* **TASK BRIEF**:
A word-for-word copy of the records is needed, with every picture left out.

(Stored records)
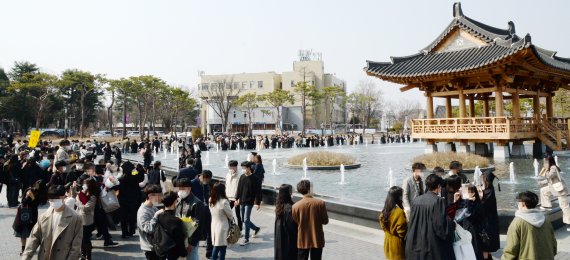 그러면서 "아무래도 학위수여식 행사가 오늘 진행되면서 지난 주말보다 좀 더 많은 학생이 몰린 것 같다. 확산 우려가 없도록 신경 쓰겠다"고 덧붙였다.
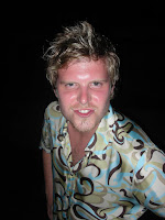Anyhow, going back to this party... I had an amazing time. It was a "pool party," but when I was the first loser to arrive with a bathing suit I realized that "pool party" meant party by the pool. I guess I take some things too literally? I was a bit taken back by this but regardless, I did make it into the water after Mike Robbins, the guy pictured to the left (he looks like a young Gary Busey) got in. Some girl was trying to coerce Mike to get in because she wanted to get in (me and Brian thought she wanted him, really), but Mike didn't have any boxers on underneath his jeans so he was walking around asking people for their underwear so he could borrow them. I told Mike that if he jumped in with his jeans I'd follow lead. Mike is one of my dear friends who's honest and sincere about his ideals and emotions. He does what he feels right, even if it's just at the moment--I admire him for being so unique and disregarding of what people think. But enough of an ego boost for Mike, I've made some really good friends here at college and I'm so happy about that and being that last nights party was full of them made it all the better. So anyways, in addition to the free booze and pool, there was a dj, a strobelight, a projection screen and Veronica fire danced--I included video of that. Being that everyone was either really drunk or high, made the anxiety level amongst the crowd thick and unrelenting, especially when Veronica started twirling the fire around Hannah J. and Petty, the birthday celebrants.
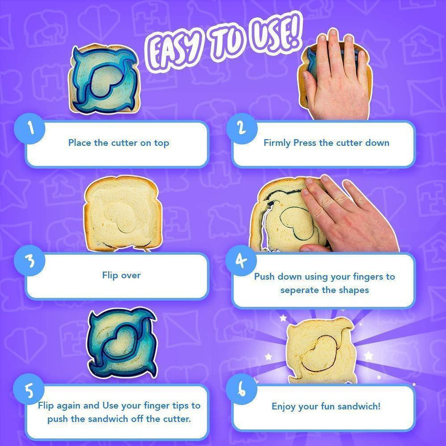 Simply press the cutter down on your sandwich, and your child's favorite sandwich will be ready!
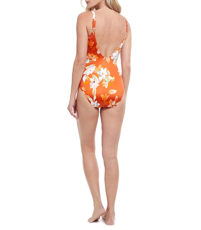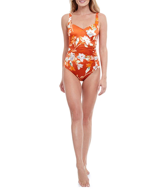 Traje de Baño Gottex estilo maillot con flores; Un femenino estampado de flores en combinaciones únicas con un motivo lateral fruncido y botones en bucle para realzar el cuerpo. Un tejido satinado y suave. Traje de baño con copas suaves, control abdominal y tirantes ajustables para mayor comodidad.
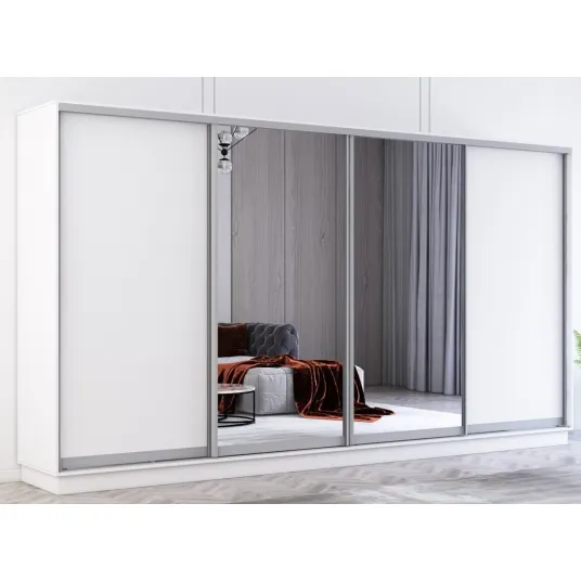 Dulap cu usi glisante Mobildor-Lux Fox 370x210 (110 Alb) Usi una PAL/Una oglindDulap cu usi glisante Mobildor-Lux Fox 370x210 (110 Alb) Usi una PAL/Una oglind222871003222871003
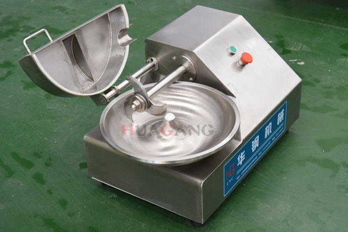 5L meat bowl cutter is the main machine for meat processing, meat bowl cutter is to use a knife to adjust the placement of the chopped meat or meat paste, you can put condiments, meat, water stir together. It have produced pot-speed bowl cutter machine, knife speed, chopping knife between the pot and turn to achieve the most
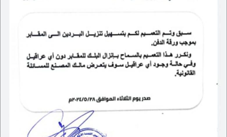 وأكد ” أنه سبق وتم التعميم بذلك سابقا ويتم تجديد ذلك التعميم ، محذرا المصدر مالكي المصانع في حال عدم التعاون مع ذوي الميت وبيع البردين لهم بحسب ورقة الدفن، فإن وحدة حماية الأراضي ستتخذ الإجراءات القانونية ضدهم .
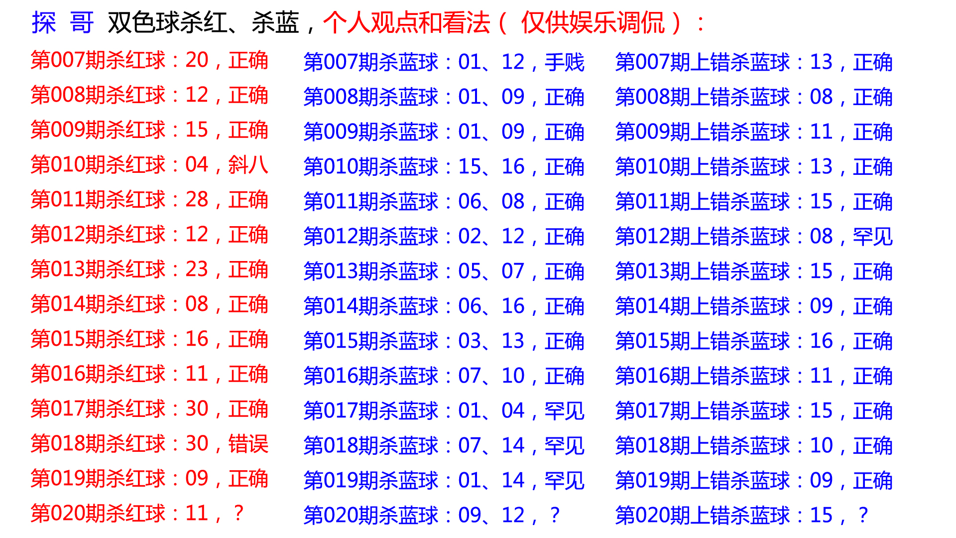 四、本期红球、蓝球杀号(个人观点看法,仅供娱乐调侃):
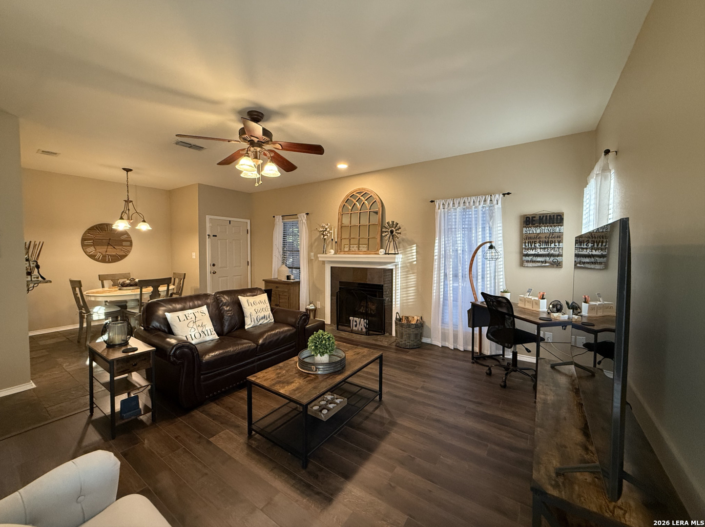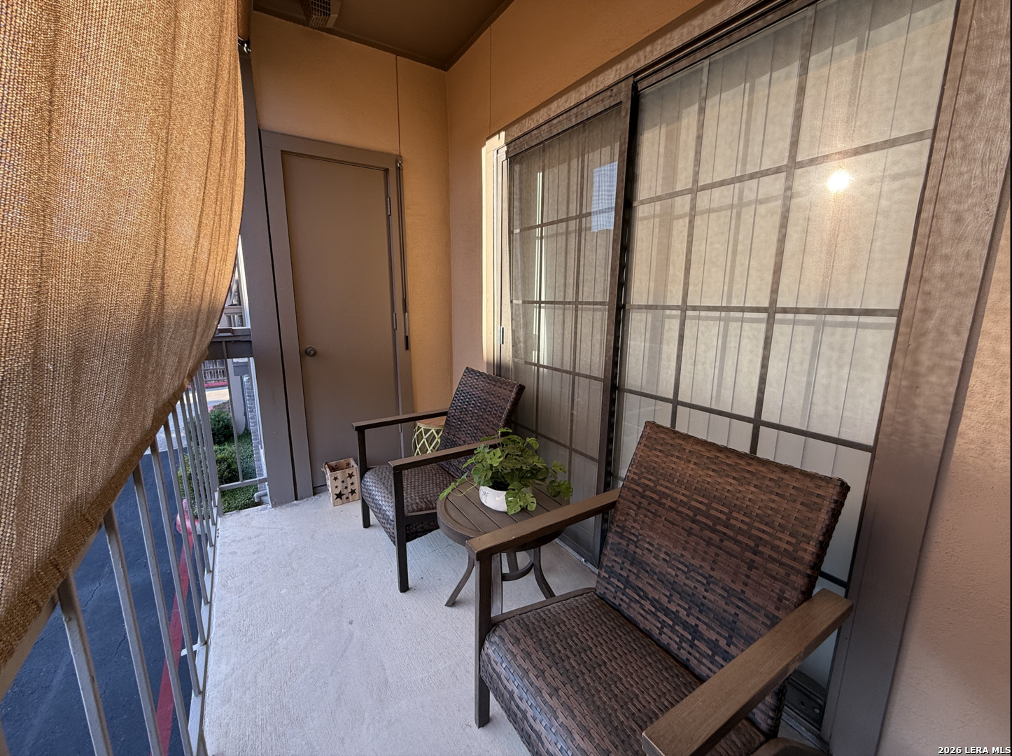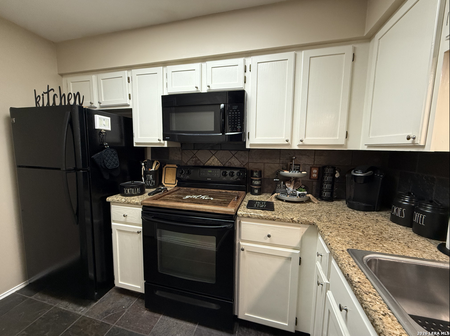 Welcome to this charming one-bedroom, one-bathroom rustic-style condo, thoughtfully upgraded to offer both style and comfort. As you enter, you'll find beautiful slate tile flooring in the hall, kitchen, and dining area, creating a warm and inviting feel. The living area, bedroom, bathroom and walk-in closet feature brand new vinyl plank flooring, adding a touch of modern elegance to the rustic design. The kitchen offers granite countertops, a sleek new matte black faucet, and all appliances included, making it ready for all your culinary adventures. The cozy bedroom is a standout with its reclaimed wood accent wall, a built-in bookcase, and a stylish new barn door closes off the washer and dryer area, keeping everything tidy and adding a rustic touch. Solar screen panels provide energy efficiency, and the included washer and dryer make this home completely move-in ready. Plus, this condo includes a one-car garage, offering both convenience and extra storage. With these thoughtful upgrades and unique touches, this condo is a perfect blend of rustic charm and modern convenience-ready to welcome you home.
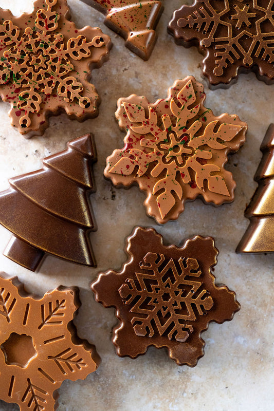 Ambachtelijke kerstchocolade | Kerstbomen en sneeuwsterren | 50-60 gram
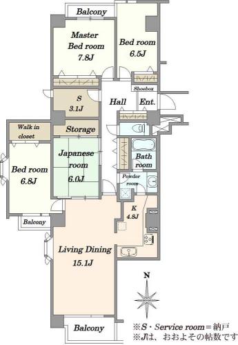 間取り 4LDK 専有面積 115.66m2(34.9坪) 壁芯

* **RESULT FOR THIS EXERCISE**:
 그러면서 "아무래도 학위수여식 행사가 오늘 진행되면서 지난 주말보다 좀 더 많은 학생이 몰린 것 같다. 확산 우려가 없도록 신경 쓰겠다"고 덧붙였다.
Anyhow, going back to this party... I had an amazing time. It was a "pool party," but when I was the first loser to arrive with a bathing suit I realized that "pool party" meant party by the pool. I guess I take some things too literally? I was a bit taken back by this but regardless, I did make it into the water after Mike Robbins, the guy pictured to the left (he looks like a young Gary Busey) got in. Some girl was trying to coerce Mike to get in because she wanted to get in (me and Brian thought she wanted him, really), but Mike didn't have any boxers on underneath his jeans so he was walking around asking people for their underwear so he could borrow them. I told Mike that if he jumped in with his jeans I'd follow lead. Mike is one of my dear friends who's honest and sincere about his ideals and emotions. He does what he feels right, even if it's just at the moment--I admire him for being so unique and disregarding of what people think. But enough of an ego boost for Mike, I've made some really good friends here at college and I'm so happy about that and being that last nights party was full of them made it all the better. So anyways, in addition to the free booze and pool, there was a dj, a strobelight, a projection screen and Veronica fire danced--I included video of that. Being that everyone was either really drunk or high, made the anxiety level amongst the crowd thick and unrelenting, especially when Veronica started twirling the fire around Hannah J. and Petty, the birthday celebrants.
 Simply press the cutter down on your sandwich, and your child's favorite sandwich will be ready!
 Traje de Baño Gottex estilo maillot con flores; Un femenino estampado de flores en combinaciones únicas con un motivo lateral fruncido y botones en bucle para realzar el cuerpo. Un tejido satinado y suave. Traje de baño con copas suaves, control abdominal y tirantes ajustables para mayor comodidad.
 Dulap cu usi glisante Mobildor-Lux Fox 370x210 (110 Alb) Usi una PAL/Una oglindDulap cu usi glisante Mobildor-Lux Fox 370x210 (110 Alb) Usi una PAL/Una oglind222871003222871003
 5L meat bowl cutter is the main machine for meat processing, meat bowl cutter is to use a knife to adjust the placement of the chopped meat or meat paste, you can put condiments, meat, water stir together. It have produced pot-speed bowl cutter machine, knife speed, chopping knife between the pot and turn to achieve the most
 وأكد ” أنه سبق وتم التعميم بذلك سابقا ويتم تجديد ذلك التعميم ، محذرا المصدر مالكي المصانع في حال عدم التعاون مع ذوي الميت وبيع البردين لهم بحسب ورقة الدفن، فإن وحدة حماية الأراضي ستتخذ الإجراءات القانونية ضدهم .
 四、本期红球、蓝球杀号(个人观点看法,仅供娱乐调侃):
 Welcome to this charming one-bedroom, one-bathroom rustic-style condo, thoughtfully upgraded to offer both style and comfort. As you enter, you'll find beautiful slate tile flooring in the hall, kitchen, and dining area, creating a warm and inviting feel. The living area, bedroom, bathroom and walk-in closet feature brand new vinyl plank flooring, adding a touch of modern elegance to the rustic design. The kitchen offers granite countertops, a sleek new matte black faucet, and all appliances included, making it ready for all your culinary adventures. The cozy bedroom is a standout with its reclaimed wood accent wall, a built-in bookcase, and a stylish new barn door closes off the washer and dryer area, keeping everything tidy and adding a rustic touch. Solar screen panels provide energy efficiency, and the included washer and dryer make this home completely move-in ready. Plus, this condo includes a one-car garage, offering both convenience and extra storage. With these thoughtful upgrades and unique touches, this condo is a perfect blend of rustic charm and modern convenience-ready to welcome you home.
 Ambachtelijke kerstchocolade | Kerstbomen en sneeuwsterren | 50-60 gram
 間取り 4LDK 専有面積 115.66m2(34.9坪) 壁芯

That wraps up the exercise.